The Linux Btrfs filesystem is frequently compared to Sun’s ZFS; both allow users to pool storage devices together without relying on expensive hardware raid cards, both offer snapshots and cloning, and both calculate and store checksums of all data by default.

Thanks to the checksum feature in ZFS, all data stored on the filesystem can be verified to be stored correctly with one command: zpool scrub <poolname>. This will read all data on the filesystem and compare it to the checksums that are stored. If a problem is found the filesystem, and a redundant copy of the data is available, the filesystem will heal itself. If it can’t do that, it will still notify the user that a problem was found.

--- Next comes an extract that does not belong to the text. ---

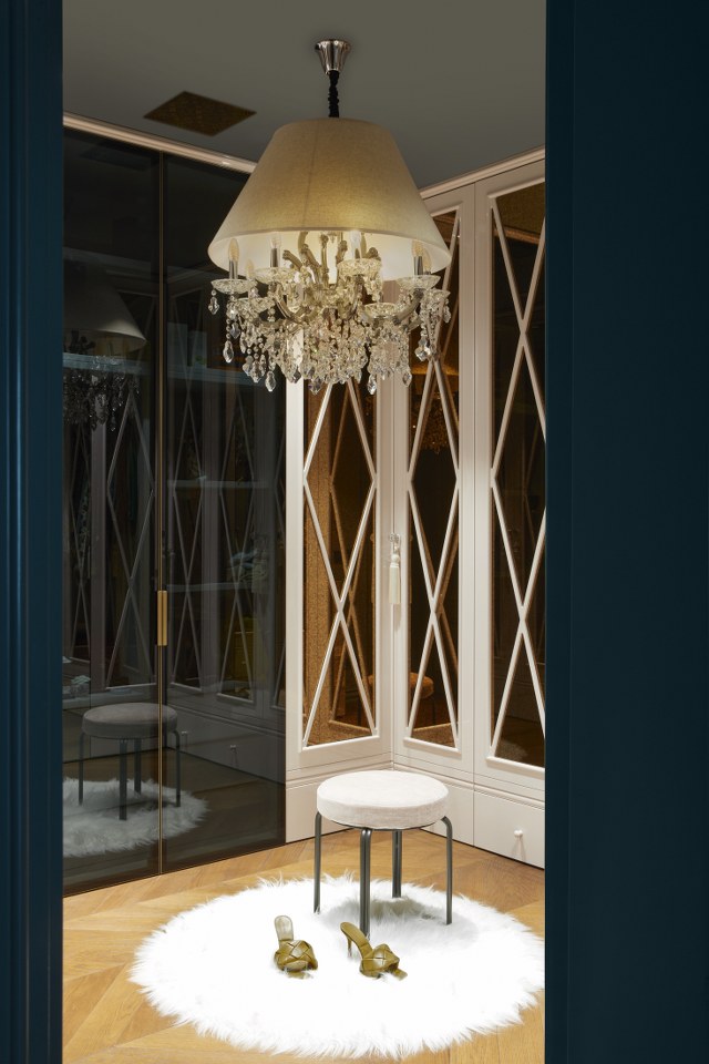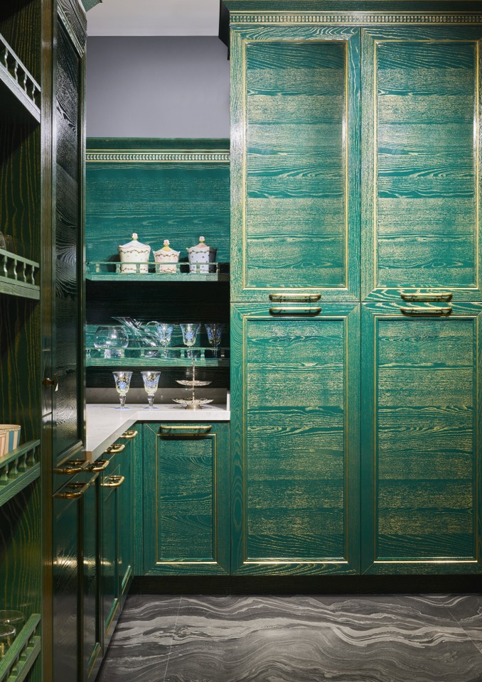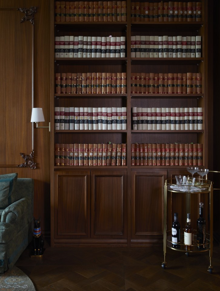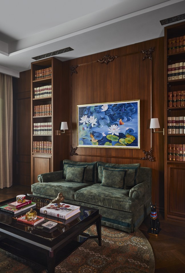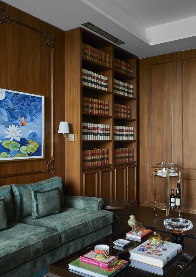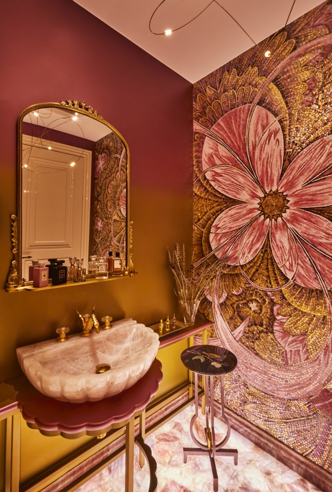 “I wanted to create a neoclassical atmosphere and an ambience, not just a space,” says Disha. And atmosphere she does. The lift lobby itself hints at the spectacle within chandeliers from Sicily, mirrored frames recalling European ballrooms and the delicate ‘Meadow Table’ by Rooshad Shroff that anchors the entrance with real pressed and lacquered flowers gathered from London and Mumbai. Inside, every detail feels deliberate: bespoke mouldings, custom made light fixtures, hand carved fireplaces, painstaking mosaic inlay in wooded floors reflects months of meticulous craftsmanship.
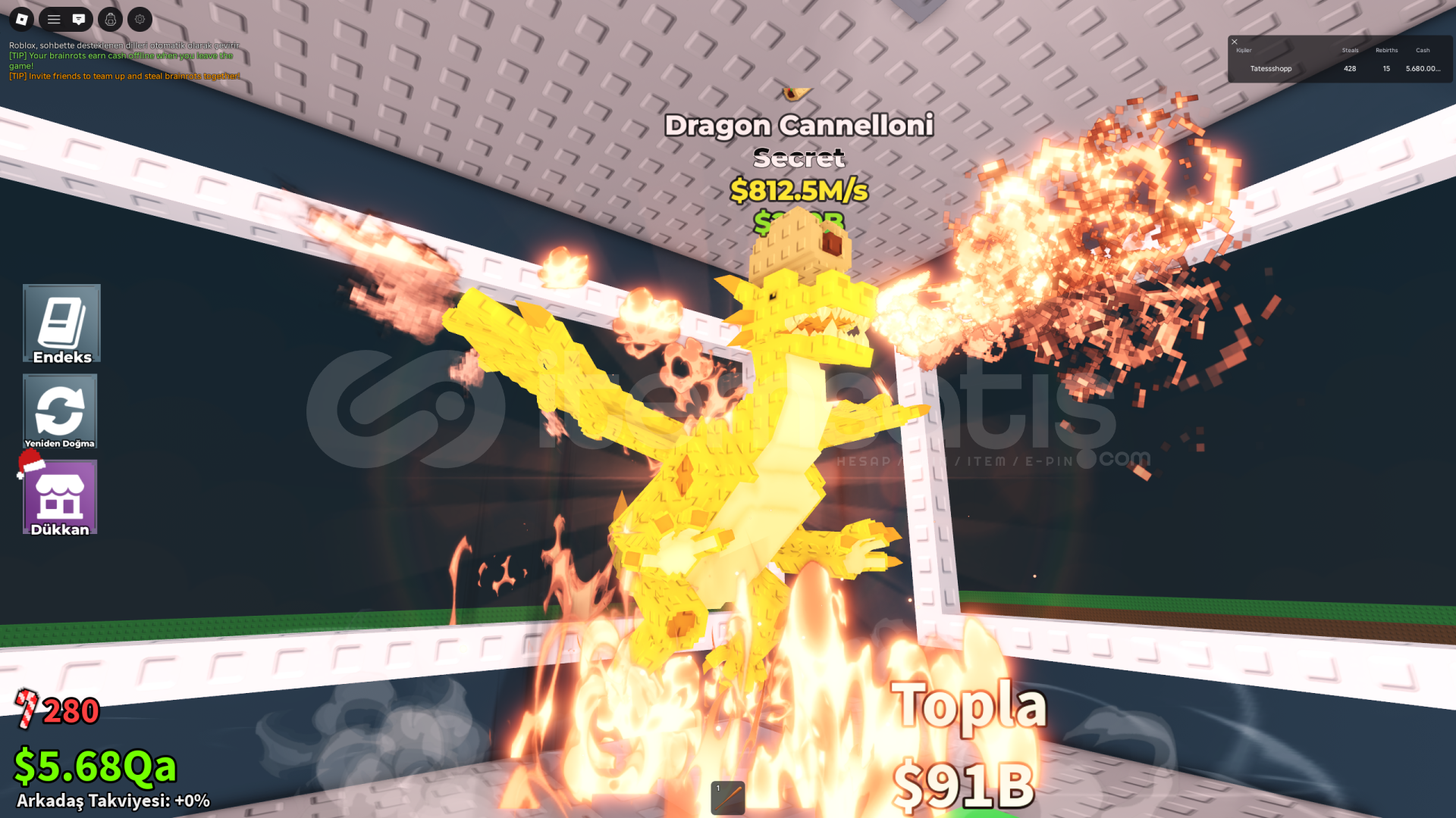ÜRÜN HAKKINDA GENEL DETAYLAR ;Satın Aldıktan Sonra Bana Kullanıcı Adınızı Yazmanız Yeterlidir.Oyun içinden 1 adet Gold Dragon Cannelloni verilecektir.Toplu alım için dm üzerinden ulaşabilirsiniz.Private Serverda teslim edilir.Oyunda bulunan nadir secretlerdirSatın aldıktan sonra kayıt açmayı unutmayınız

Though it is maturing rapidly, Btrfs does not yet have a similar scrub command. However there are ways to accomplish the same thing using simple shell scripting. I expect a true scrub command for Btrfs will come along in the near future, so for now this will work adequately.

Just stick the following text in a file somewhere in your system path, like /usr/local/bin/btrfs-scrub, then make it executable with chmod +x /usr/local/bin/btrfs-scrub.


#!/bin/bash

function scrub {
  find $1 -mount -type f -exec cat '{}' > /dev/null \;
}

if [ $# -ne 1 ]
then
  echo "Please give a filesystem path"
  exit $E_BADARGS
fi

echo "Btrfs-scrub script"
echo "Checking $1, this may take a while"
scrub $1
echo "Scrub complete! Check dmesg for any possible errors"

To use the script, execute it on a path like this:

btrfs-scrub /pool

The script takes a single argument, a filesystem path. It reads every file inside that path recursively, and streams the contents to /dev/null. The end result is nearly identical to the ZFS scrub operation, every file is checked when read, and if an invalid checksum is found, the kernel will print a message in the kernel log, which can be viewed with the dmesg command.

Because we’re just reading files from a path, there isn’t anything Btrfs specific about this script, but as far as scrubbing a disk is concerned, it is only useful on filesystems that know when data has been corrupted somehow.